Bulgaria Digital Nomad Visa
Bulgaria · Europe
Min Monthly Income
$2,295.83
Application Fee
$118
Processing Time
4 weeks – 8 weeks
Difficulty
Moderate
Duration
12 months
Path to Citizenship
No
Overview
A Bulgarian digital nomad applicant needs at least $2,295.83 per month in foreign income, and the restricted work rule is blunt: local work is not permitted, and local income must be 0% of total income. The visa facts do not specify any minimum savings, so this route lives or dies on proving the monthly threshold rather than building a cash buffer. The eligible employment mix is broad — W2 employee, contractor, owner, or self-employed — but the income must fit Bulgaria’s remote-work rules and cannot come from Bulgarian clients or employers.
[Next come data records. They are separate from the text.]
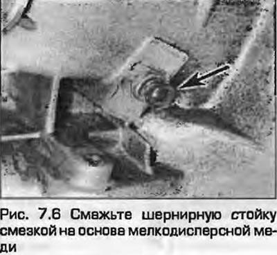6. Вышмаруйце шарнірную стойку і пластыкавую накладку невялікай колькасцю высокатэмпературнай змазкі на аснове дробнадысперснай медзі (мал. 7.6). Вырабіце тонкі пласт змазкі на якая кантактуе паверхню выціскнага падшыпніка, пялёсткі дыяфрагмы. відэльцы і на накіроўвалую ўтулку.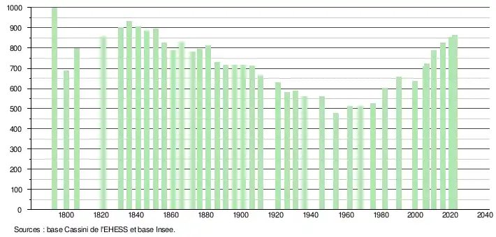 L'évolution du nombre d'habitants est connue à travers les recensements de la population effectués dans la commune depuis 1793. Pour les communes de moins de 10 000 habitants, une enquête de recensement portant sur toute la population est réalisée tous les cinq ans, les populations de référence des années intermédiaires étant quant à elles estimées par interpolation ou extrapolation[25]. Pour la commune, le premier recensement exhaustif entrant dans le cadre du nouveau dispositif a été réalisé en 2005[26].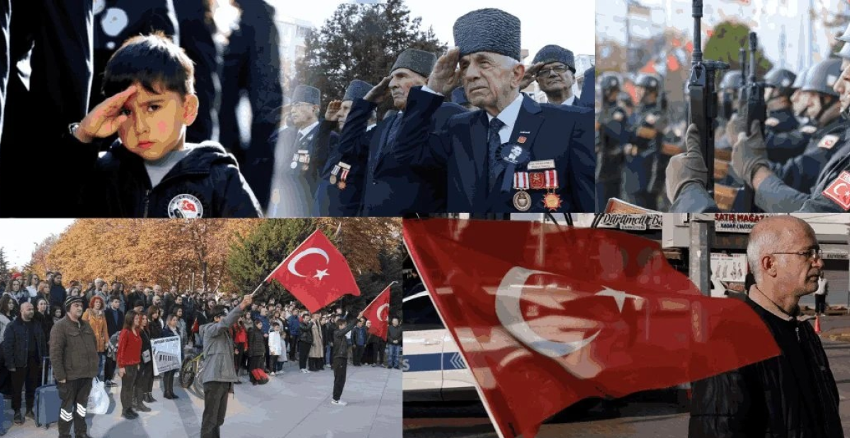 Türkiye Cumhuriyeti’nin kurucusu Mustafa Kemal Atatürk, 10 Kasım’da bir kez daha saygıyla anıldı. Saat 9’u 5 geçe siren sesleri duyulunca tüm Türkiye, Atatürk için 2 dakika saygı duruşunda durdu.Türkiye Cumhuriyeti’nin kurucusu Ulu Önder Mustafa Kemal Atatürk, 86. ölüm yıl dönümünde bütün yurt genelinde saat 9’u 5 geçe 2 dakikalık saygı duruşu ile bir kez daha anıldı.Gencinden yaşlısına, tüm Türkiye Atatürk için ayağa kalktı. Saygı duruşuna geçerek fikren Atatürk'ün izinde olduğunu bir kez daha gözler önüne serdi.10 Kasım’da saat 9’u 5 geçe çalan siren seslerinin hemen ardından tüm Türkiye, saygı duruşunda bulunup hemen ardından da İstiklal Marşı okudu.Okullarda ara tatile çıkmadan hemen önce düzenlenen bayrak törenlerinde bayrak yarıya indi. Yarıya indiren öğrenci ile gönderin sağında ve solunda bayrağa dönük olarak duran iki diğer öğrencinin, "hazır ol" da bayrağı selamlaması ile 9'u 5 geçe Atatürk anıldı.
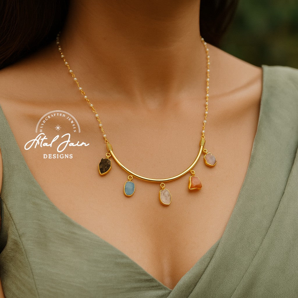 Sparkle and shine with our Majestic Half Moon Treasures Pendant! Adorned with five stunning semi precious gemstones, this necklace will add a touch of elegance to any outfit. (You're sure to be the envy of all your friends!)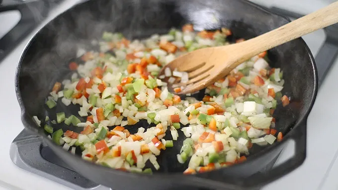 Step2In a large cast-iron skillet over medium-high heat, heat 2 tablespoons oil. Add diced bell peppers and onion. Cook 5 minutes, stirring often, until vegetables are softened. Add Italian seasoning, red pepper flakes and salt and pepper to taste. Cook 1 minute. Transfer mixture to a bowl.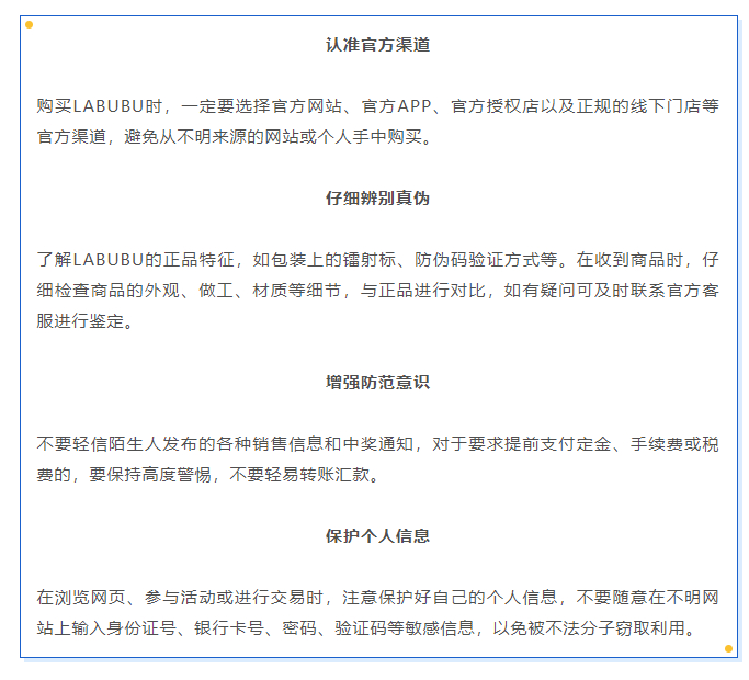 LABUBU的抢购热潮也引起各地消保委的注意。多地消保委发文:警惕黄牛炒作,拒绝高价接盘,关注商品功能性与实用性,避免将潮玩产品异化为“投资品”或“身份符号”。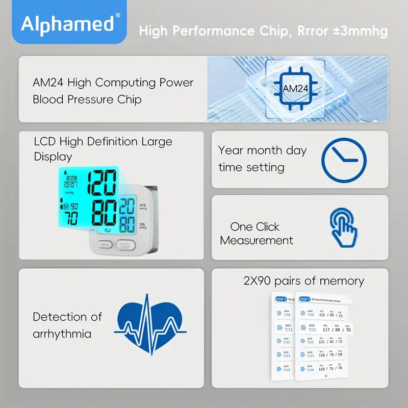 Home Wrist Blood Pressure Monitor, 13.46-21.34 cm Adult Wrist Blood Pressure Cuff,

The residency trade-off is cleaner than many EU options because the file does not list a physical presence minimum, a maximum consecutive absence, or a day-count obligation for keeping status. What is clear is the permit duration: 12 months, renewable, with processing in 4 weeks to 8 weeks. That makes it a one-year legal base rather than a fast track to a long chain of status, because this visa does not lead to permanent residence and the years-to-PR field is not specified.
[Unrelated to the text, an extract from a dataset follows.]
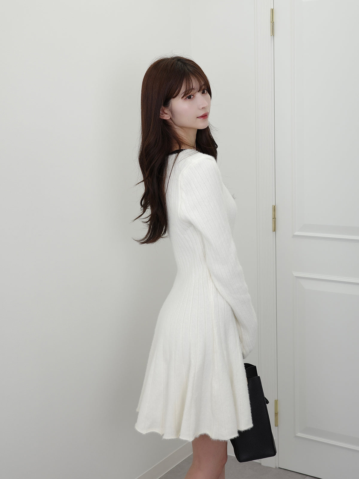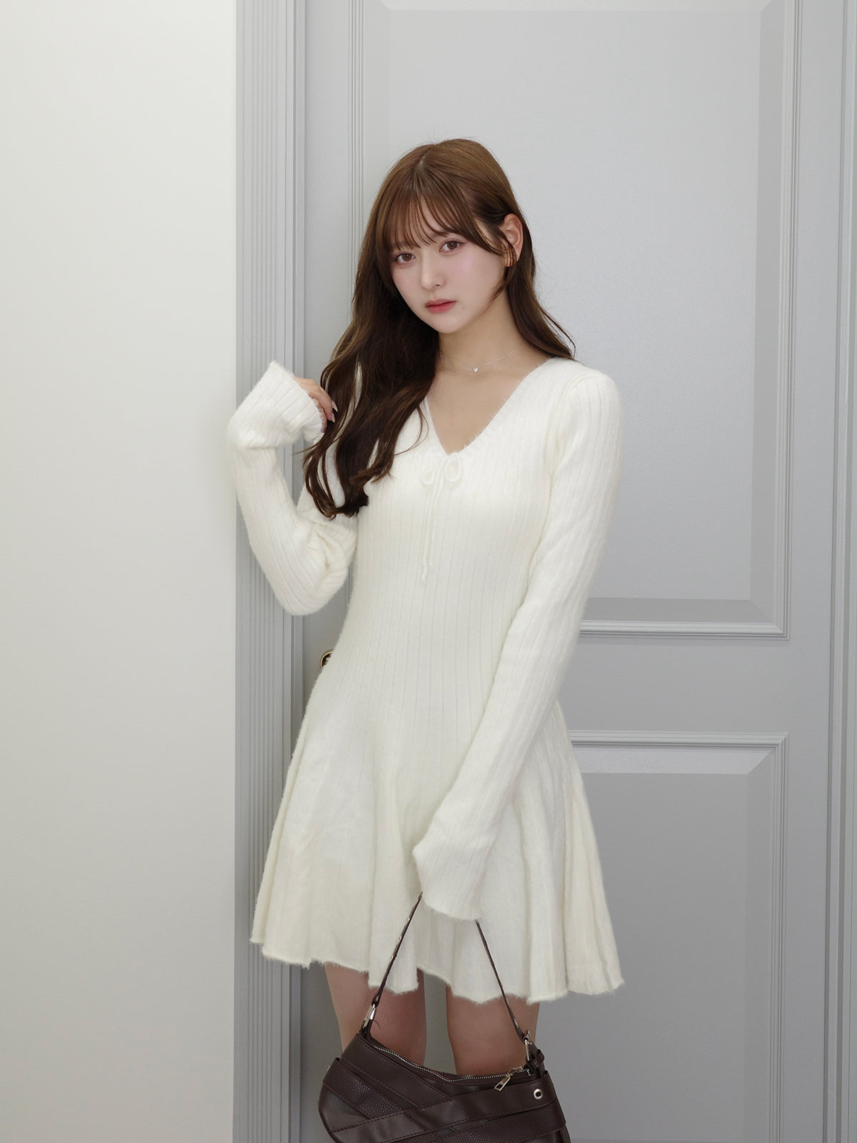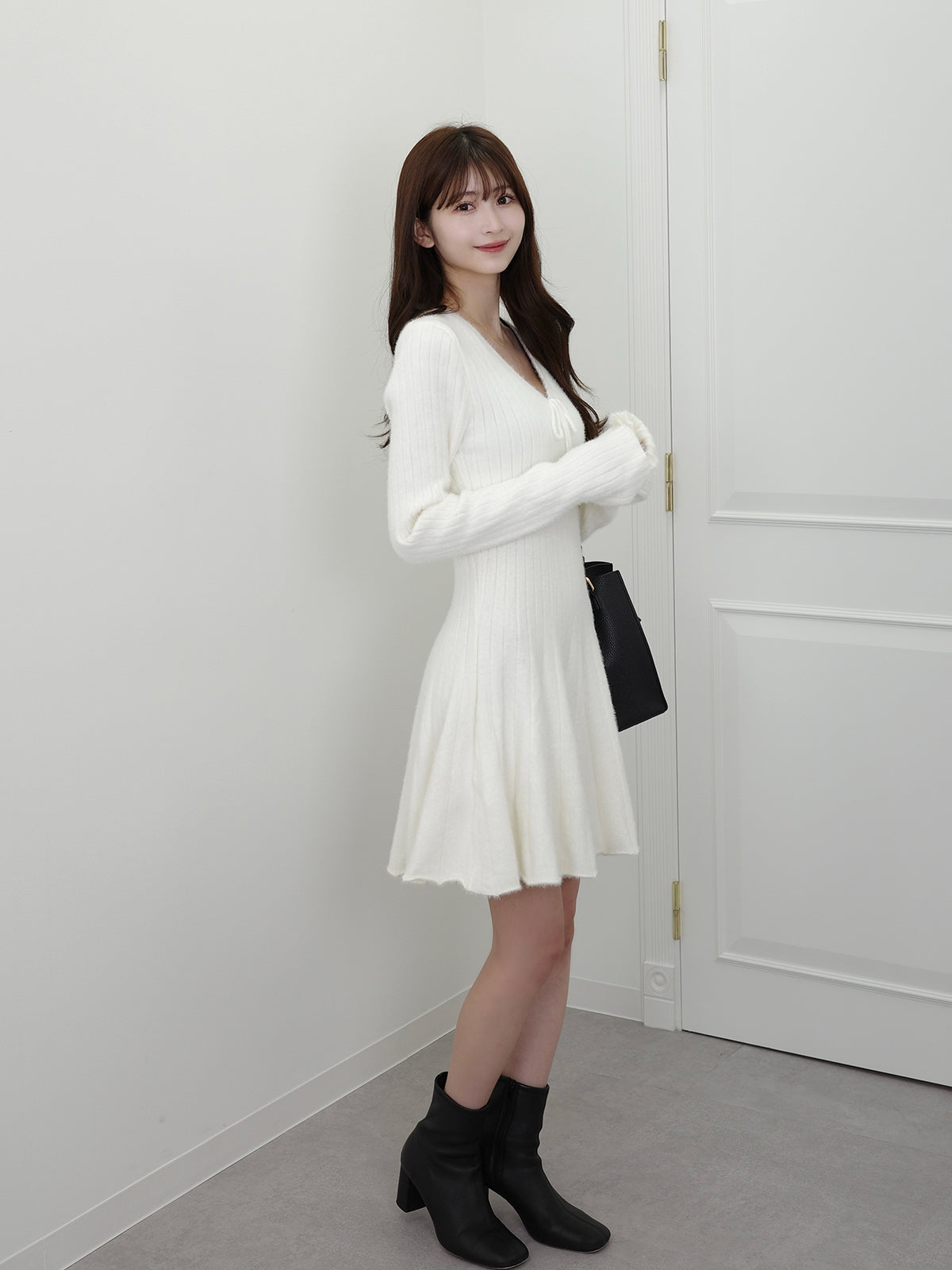 引き締められたウエストと、ミニ丈のフレアスカートが女性らしい印象に。

The friction is document-driven rather than investment-driven. Health insurance is required, but a local bank account is not; an apostille is not required; FBI background check, medical exam, and interview are all not required. That cuts out several common bureaucratic pain points, yet it still leaves the core proof package: income evidence, accommodation evidence, and whatever residence paperwork the Bulgarian side asks for during the Type D and residence-permit stages.
A $4,000/month remote employee living off a US salary, or a freelancer with steady foreign contracts above $2,295.83/month, fits the numbers on day one. A person trying to monetize Bulgarian clients, open a local business that invoices locally, or rely on income below that monthly floor is a poor fit, because the visa’s own structure excludes local work and sets a hard foreign-income threshold.
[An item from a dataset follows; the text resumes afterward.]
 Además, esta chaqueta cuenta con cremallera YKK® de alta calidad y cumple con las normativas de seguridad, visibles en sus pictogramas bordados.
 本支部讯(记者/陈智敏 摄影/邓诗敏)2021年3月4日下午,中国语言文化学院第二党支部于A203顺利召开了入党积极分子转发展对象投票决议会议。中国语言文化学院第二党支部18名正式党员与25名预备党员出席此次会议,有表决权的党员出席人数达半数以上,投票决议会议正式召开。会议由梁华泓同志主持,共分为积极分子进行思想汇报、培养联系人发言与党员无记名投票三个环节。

For someone comparing 12-month European stays, this is a paperwork-and-compliance play, not a settlement route. Renewable status gives you another year, but the file does not disclose a PR bridge, a citizenship clock, or an absence rule that would help a long-range relocation plan.
Eligibility Requirements
EU citizens do not need this visa at all because free movement already covers Bulgaria, so the relevant applicants are non-EU, non-EEA, and non-Swiss nationals who need a long-stay route to live in the country while working remotely. This is the boundary that matters for Americans, Canadians, Australians, New Zealanders, and UK passport holders.
Norway, Iceland, and Liechtenstein sit in the EEA, but they are not EU members; Switzerland is outside the EU and EEA but has its own bilateral access framework; the post-Brexit UK is outside the EU. For this visa’s non-EU restriction, those passports are in the group that needs the visa rather than free movement rights. Dual nationals with an EU passport should use that passport instead of this route.
That is the faster and cheaper path, and it bypasses the visa entirely. If you hold Canadian and German citizenship, or US and Italian citizenship, the EU passport wins on both cost and friction because Bulgaria does not need to process you through the digital nomad residence channel at all.
Min Income
$2,295.83
Application Fee
$118
Duration
12 months
W2 Employee (foreign employer) · 1099 Contractor · Business Owner · Self-Employed
Max 0% from local sources
Requirements Checklist
• Identity: Valid passport; Completed Type D long-stay visa application form; Recent passport-size photographs.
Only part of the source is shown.